Using data-driven procurement to forecast market trends
When businesses have procurement data, they get insights into the materials, products and services they’re buying the most. The data enables them to understand and predict trends across their business and the industry at large. They can then use this information to make more accurate predictions about future demand while navigating potential challenges. Subsequently, they can use the data to adapt accordingly.
For example, early in the pandemic when hand sanitizer was difficult to come by, many alcohol distilleries diverted some of their resources into making it because they already had many of the raw materials on hand. Not only was this a sound business strategy in terms of utilizing existing product, but they were also able to use the move in marketing campaigns to improve their relationship with the public.
Demand forecasting is the process of making data-driven predictions about how customer purchasing trends will change in the future. It helps keep procurement teams and manufacturers from overstocking materials, producing too much of a product or even over or under-staffing their production team.
Methods of demand forecasting
Historically, businesses handled demand forecasting manually, with analysts examining historical data and any other limited data available to make predictions. Unfortunately, this was not as accurate as it could have been and soon, AI was added to the equation. With AI incorporated into RFP automation, businesses can analyze more data faster and get deeper insights into trends to help them make more accurate predictions about future business needs and sales.
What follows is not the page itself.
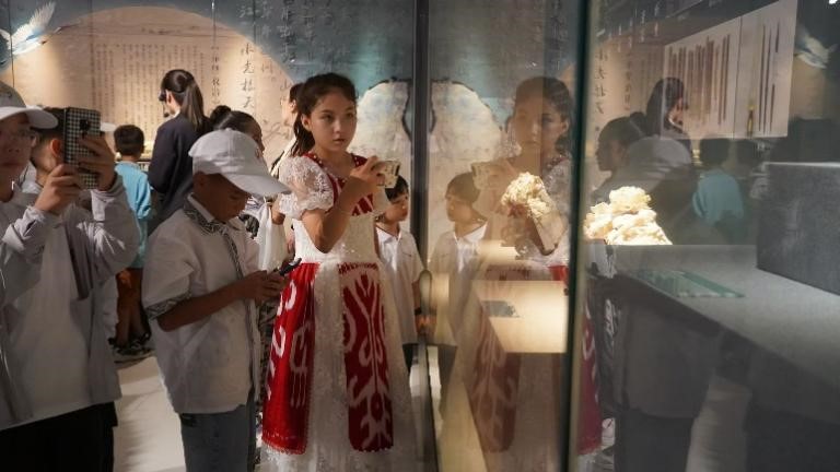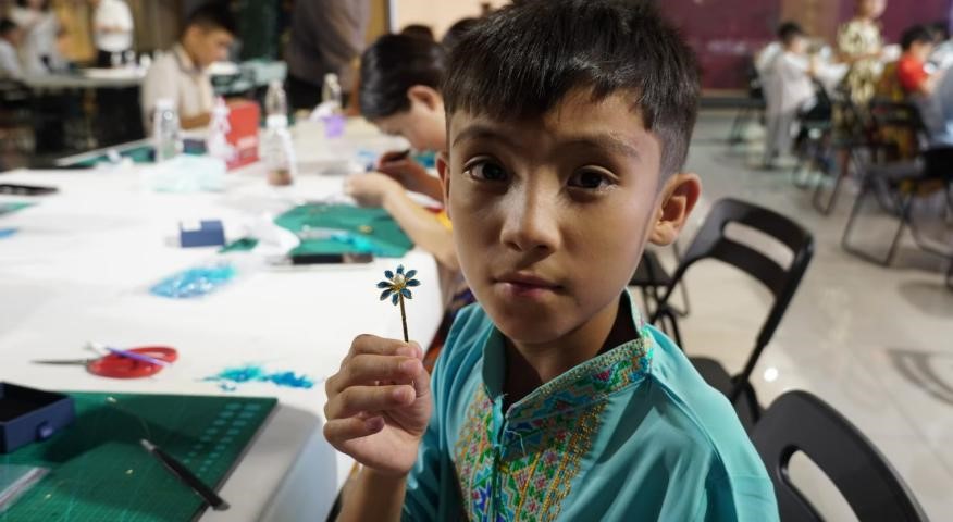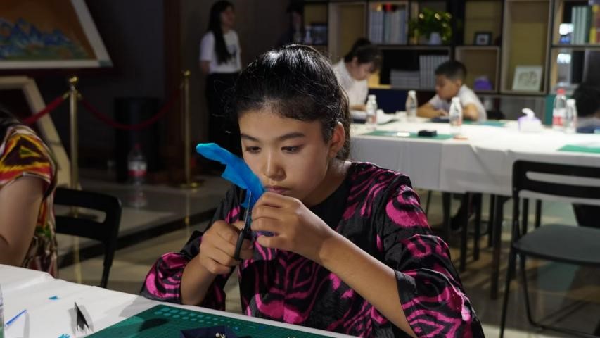 同学们与来自新疆和田的研学团体沉浸式体验“点翠”工艺课程

This information empowers procurement managers to act more proactively and strategically.
Additionally, organizations may also opt to forecast demand by surveying current customers to see what their purchasing plans are for the future. This takes time and effort, but because the data is coming straight from customers, it’s typically valuable and worth the effort.
Calculating proactive procurement using software
Organizations that use procurement analysis software can improve demand forecasting accuracy by around 55 percent on average. Procurement analysis software typically includes AI to make more accurate forecasts and help organizations proactively procure materials, rather than reacting to market changes after the fact.
Businesses also need software that provides full visibility into their procurement process, helping them pivot quickly when vendors aren’t meeting their needs. It should integrate easily with the organization’s ERP system and any other procurement-related software they use either through native integrations or APIs. Then, the business can pull all of their procurement data into a single dashboard, giving them better insights and helping them improve processes.
Ways to improve predictive procurement accuracy
Adding AI to the procurement process is one of the best ways to improve the accuracy of predictions. Because AI can comb through much more data than human analysts can in a shorter amount of time, organizations will get deeper insights into the data they collect and can make more informed decisions.
Additionally, adding more data streams, especially from suppliers, can improve accuracy because there will be more data to base predictions on. First-party data is great, but third-party information can provide information on customers that aren’t buying from the company.
Predictive procurement is the key to a more adaptable and dynamic supply chain. Start gathering procurement data now and incorporating it into your demand forecasting to optimize your processes and make better decisions.